- _Task_: Print the lines below from the line with "Parts for Whirlpool" to the line with "These versatile utensils" exactly, keeping both ends, and print no pictures.

- _Records supplied_:
Content starts

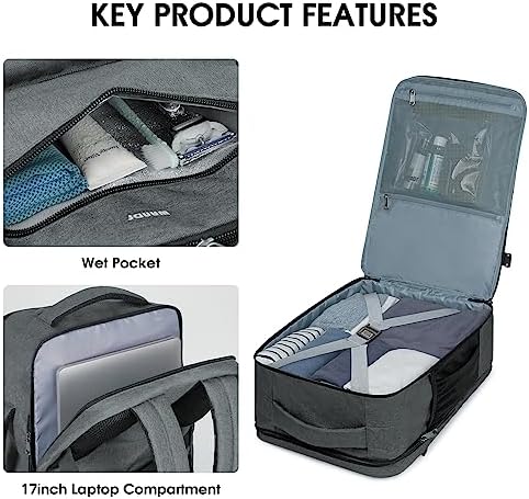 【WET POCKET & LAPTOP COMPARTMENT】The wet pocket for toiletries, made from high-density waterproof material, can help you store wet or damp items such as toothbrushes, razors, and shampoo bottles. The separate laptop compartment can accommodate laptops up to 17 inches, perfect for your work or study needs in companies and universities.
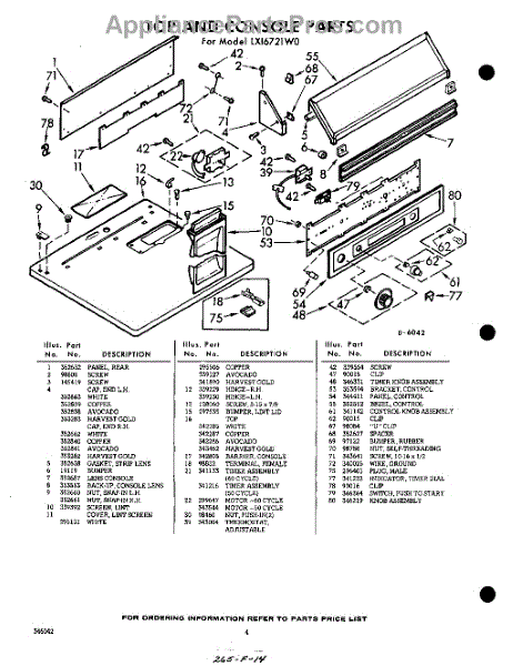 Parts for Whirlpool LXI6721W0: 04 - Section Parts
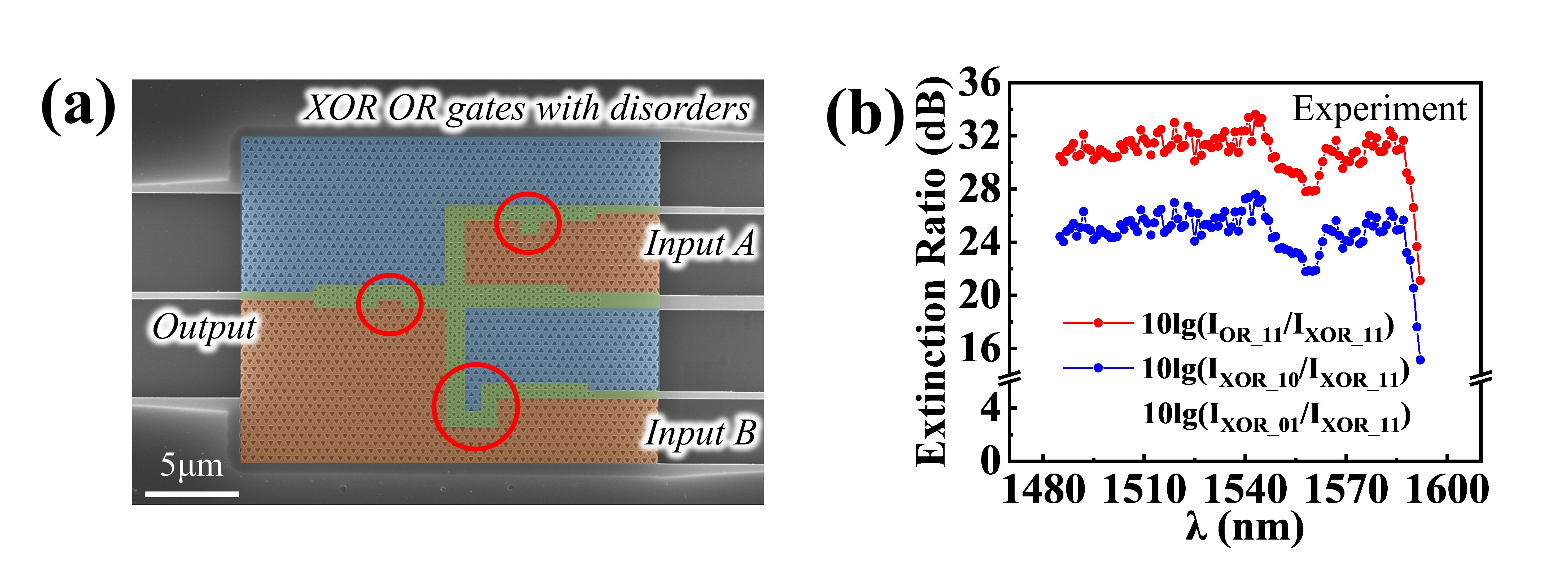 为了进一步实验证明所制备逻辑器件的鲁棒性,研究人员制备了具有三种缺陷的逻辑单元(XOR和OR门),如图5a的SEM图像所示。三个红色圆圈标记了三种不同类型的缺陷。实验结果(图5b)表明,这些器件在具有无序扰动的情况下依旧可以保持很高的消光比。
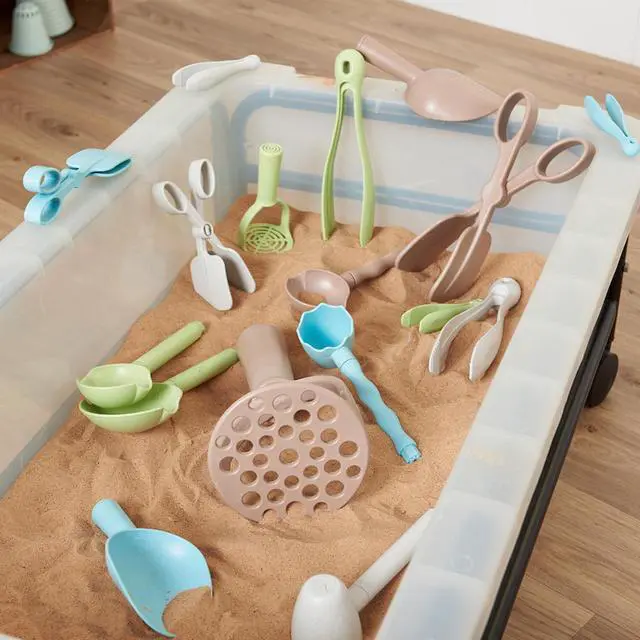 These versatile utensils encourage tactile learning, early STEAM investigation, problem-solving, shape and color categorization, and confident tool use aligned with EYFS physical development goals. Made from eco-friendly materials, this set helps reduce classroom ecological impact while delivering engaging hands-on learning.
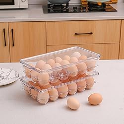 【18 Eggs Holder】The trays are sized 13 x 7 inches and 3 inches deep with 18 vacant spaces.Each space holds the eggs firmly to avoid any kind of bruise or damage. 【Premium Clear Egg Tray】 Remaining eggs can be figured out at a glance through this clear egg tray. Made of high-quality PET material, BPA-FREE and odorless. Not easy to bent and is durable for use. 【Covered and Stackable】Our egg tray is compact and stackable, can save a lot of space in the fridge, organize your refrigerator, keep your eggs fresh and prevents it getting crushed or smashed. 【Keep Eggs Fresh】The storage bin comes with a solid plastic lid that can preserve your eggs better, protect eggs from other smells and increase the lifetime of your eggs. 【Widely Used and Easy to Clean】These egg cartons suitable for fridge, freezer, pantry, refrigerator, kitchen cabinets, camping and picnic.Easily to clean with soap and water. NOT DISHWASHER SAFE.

Content ends
Content starts

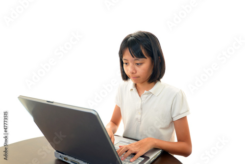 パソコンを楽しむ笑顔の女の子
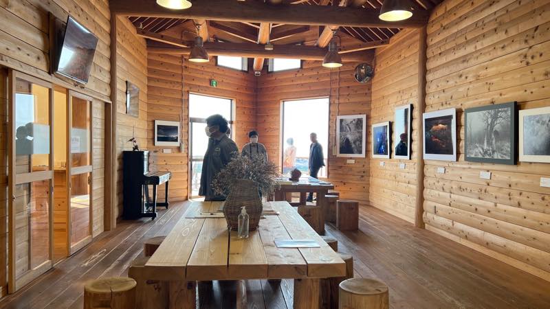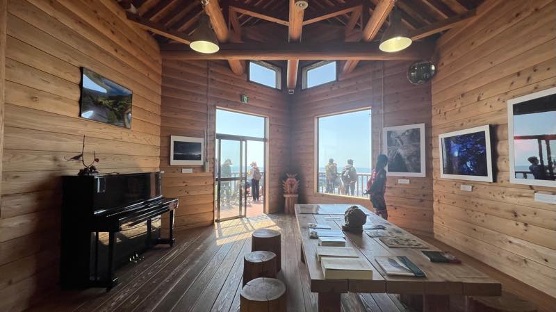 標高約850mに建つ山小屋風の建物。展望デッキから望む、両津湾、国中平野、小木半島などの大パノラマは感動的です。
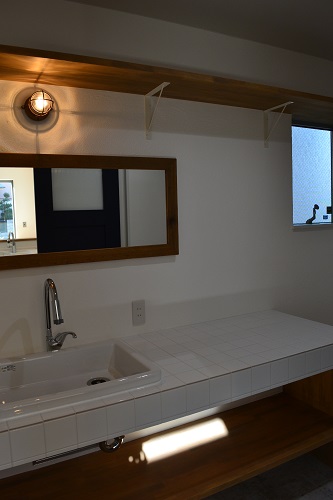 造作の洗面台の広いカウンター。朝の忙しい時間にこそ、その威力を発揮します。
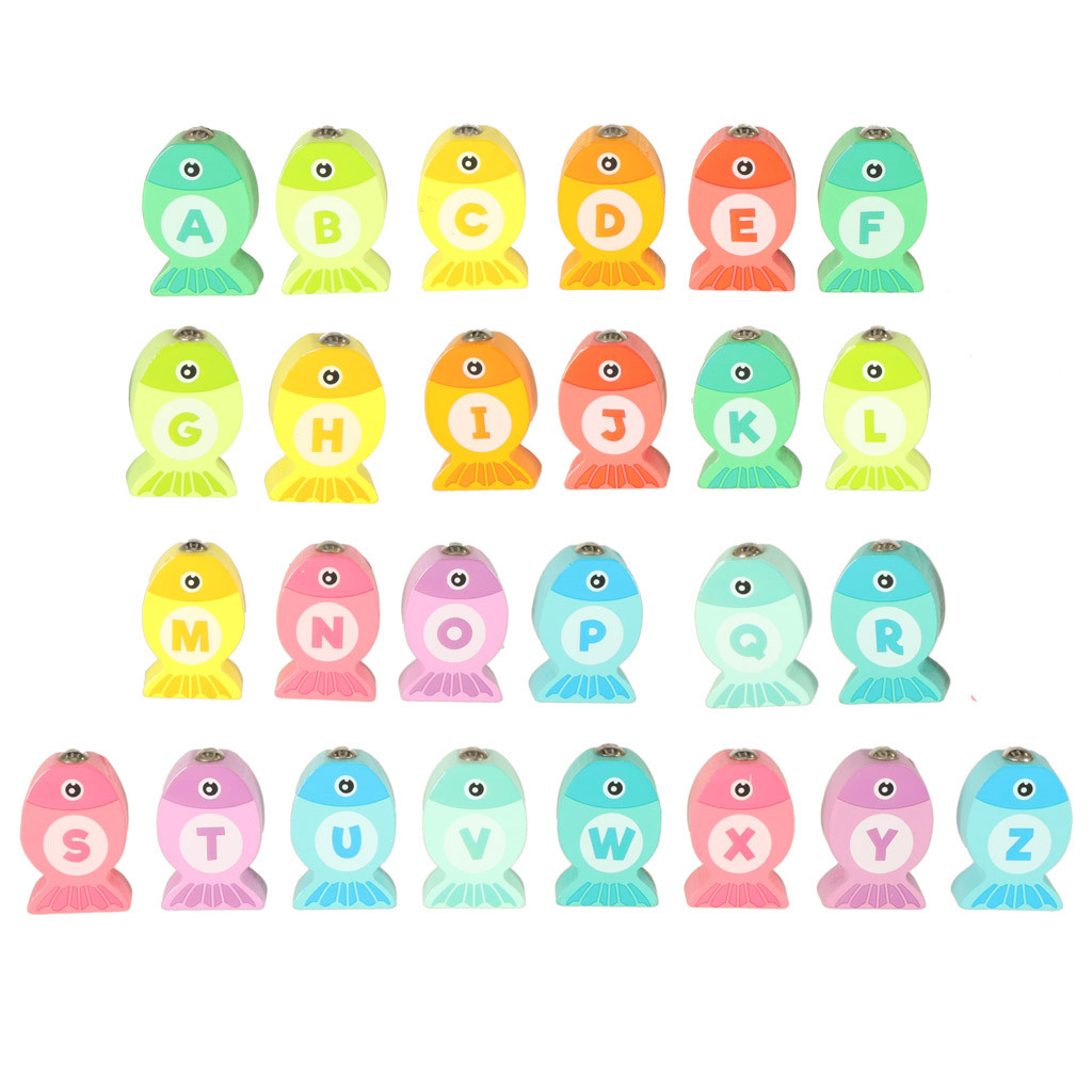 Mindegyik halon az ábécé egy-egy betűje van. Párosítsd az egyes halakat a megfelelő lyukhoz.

Content ends

- _Completed task_:
 Parts for Whirlpool LXI6721W0: 04 - Section Parts
 为了进一步实验证明所制备逻辑器件的鲁棒性,研究人员制备了具有三种缺陷的逻辑单元(XOR和OR门),如图5a的SEM图像所示。三个红色圆圈标记了三种不同类型的缺陷。实验结果(图5b)表明,这些器件在具有无序扰动的情况下依旧可以保持很高的消光比。
 These versatile utensils encourage tactile learning, early STEAM investigation, problem-solving, shape and color categorization, and confident tool use aligned with EYFS physical development goals. Made from eco-friendly materials, this set helps reduce classroom ecological impact while delivering engaging hands-on learning.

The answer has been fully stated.